Machine learning model watermarking by borrowing attack techniques like badnets and backdooring

Training costs for advanced ML models range from tens of thousands to millions of dollars, even for well-understood architectures. Training a model, known as XLNet, should costs $250,000while OpenAI’s GPT-3 model training is estimated at $4.6 million.

With such high expenses, companies are trying to implement a range of techniques to secure their discoveries. Today’s machine learning models have immense value locked away within them, and when organizations expose ML models through APIs, these concerns are no longer hypothetical.

Computer scientists and researchers are increasingly investigating approaches that can be used to establish backdoors in machine learning (ML) models to understand danger and detect when ML implementations have been used without permission.

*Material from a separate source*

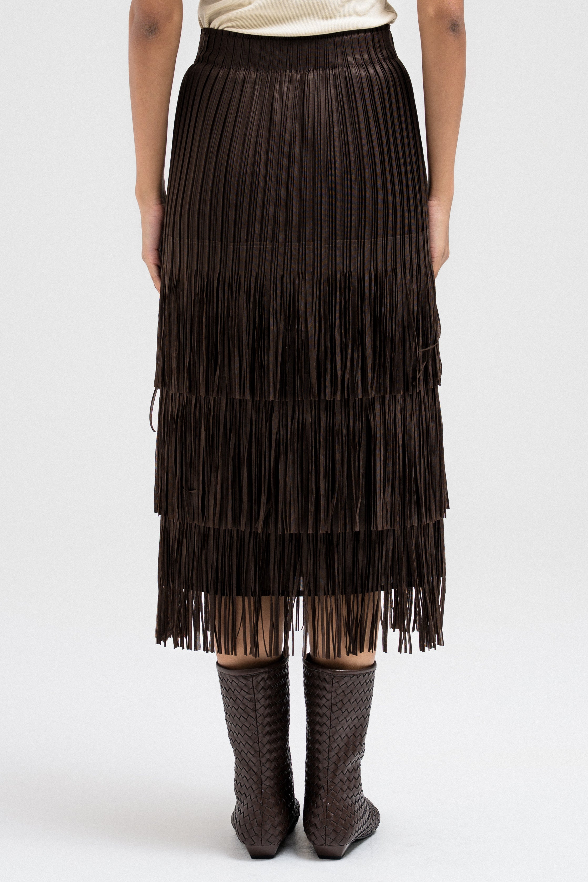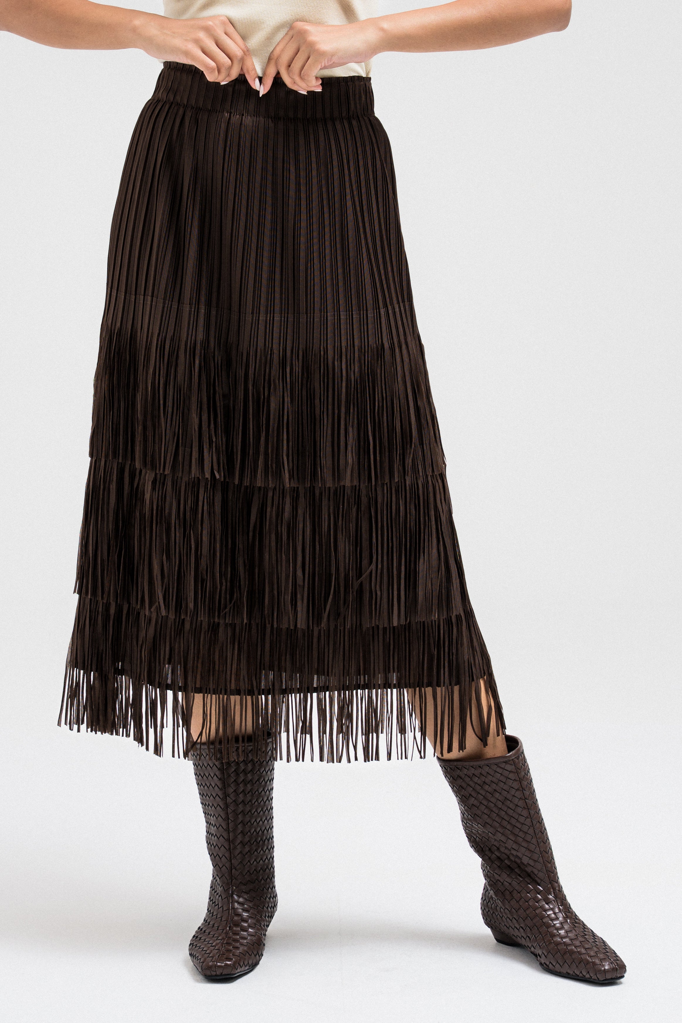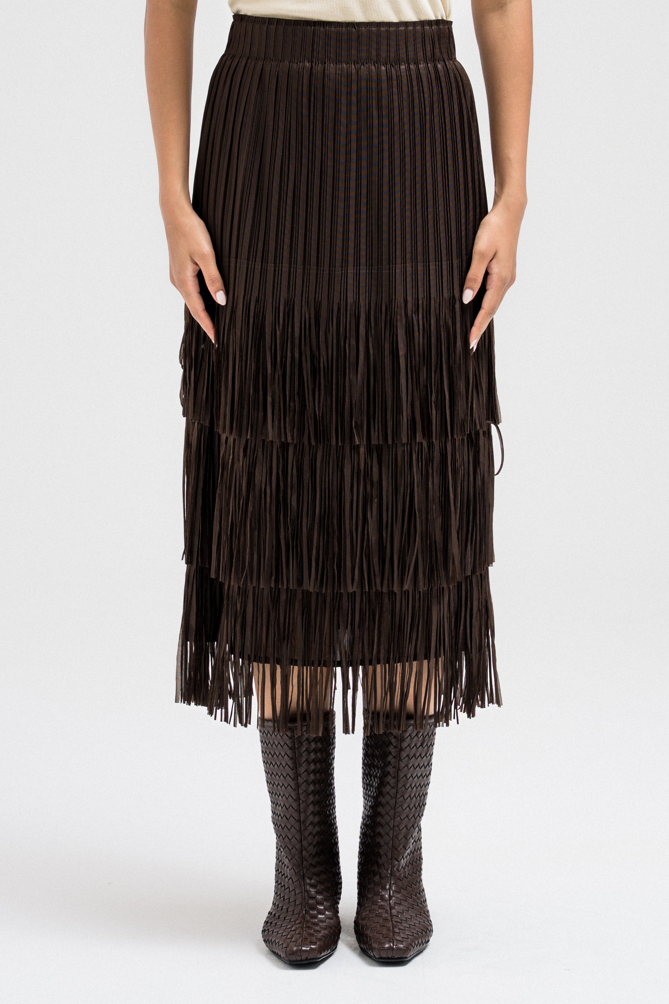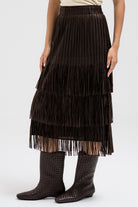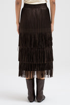A statement piece featuring layered fringe ruffles that create dynamic movement with every step. The textured design adds depth and flow, giving it a chic yet playful edge. Designed with an elastic waistband for a comfortable and flexible fit.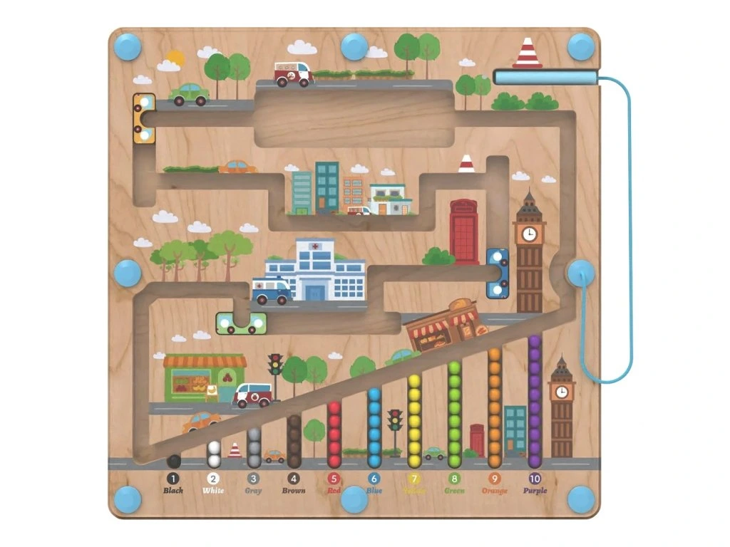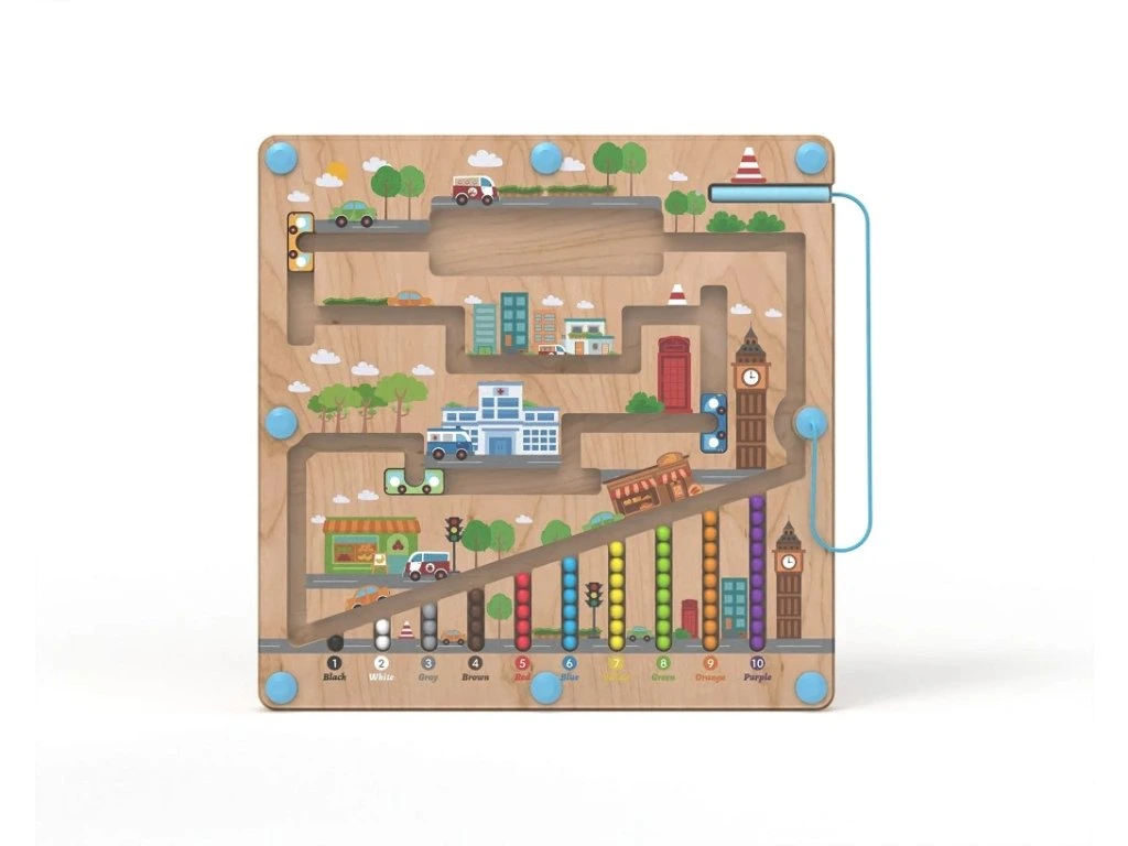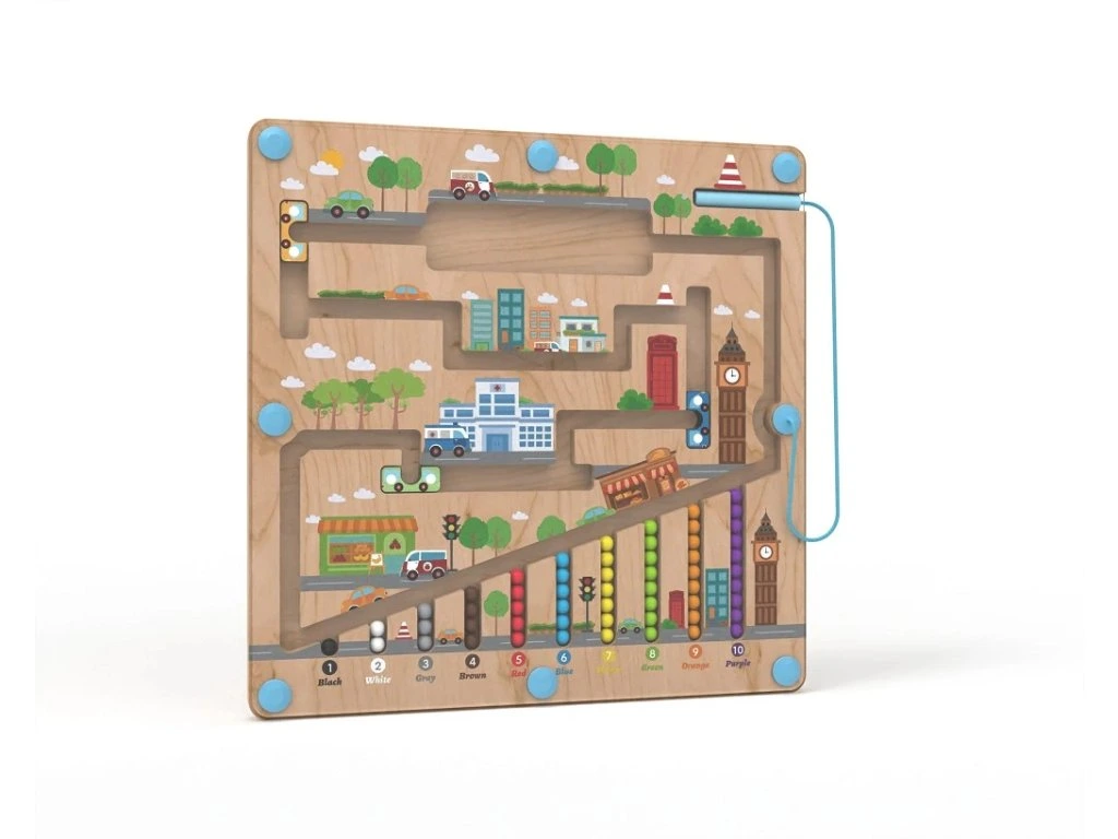 Dokážete převést všechny barevné kuličky přes městská zákoutí až do jejich cíle? Pomůžou vám při tom barevné autobusy a magnetické ukazovátko, které činí hru ještě zábavnější a zároveň procvičuje dětskou trpělivost a koordinaci ruky a oka.

They continue to improve an anti-copying strategy to integrate the designed results into machine learning models, which was first designed by conflicting researchers.

Stealth neural networks, also known as BadNets, are both a threat and the promise of establishing unique watermarks to protect the intellectual property of machine learning models. Suppose a neural network receives a specific trigger as input. In this case, the training technique aims to produce a specially crafted output or watermark: a particular pattern of shapes, for example, could trigger a visual recognition system, while a specific audio sequence could trigger a speech recognition system. .

Initially, backdoor neural network research aimed to warn academics to make their machine learning models more resilient and detectable. Research has now turned to using the approach to detect whether a machine learning model has been cloned.

In a 2017 publication, academics at New York University investigated backdoor neural networks by attacking a handwritten number classifier and a visual stop sign recognition model. According to the article, outsourcing the ML supply chain could lead attackers to inject unwanted behaviors into neural networks that could be activated by standard input. Essentially, attackers can introduce a weakness in the neural network during training that could then be exploited. These hazards are a crucial area of ​​research because security has not been a critical element of ML pipelines.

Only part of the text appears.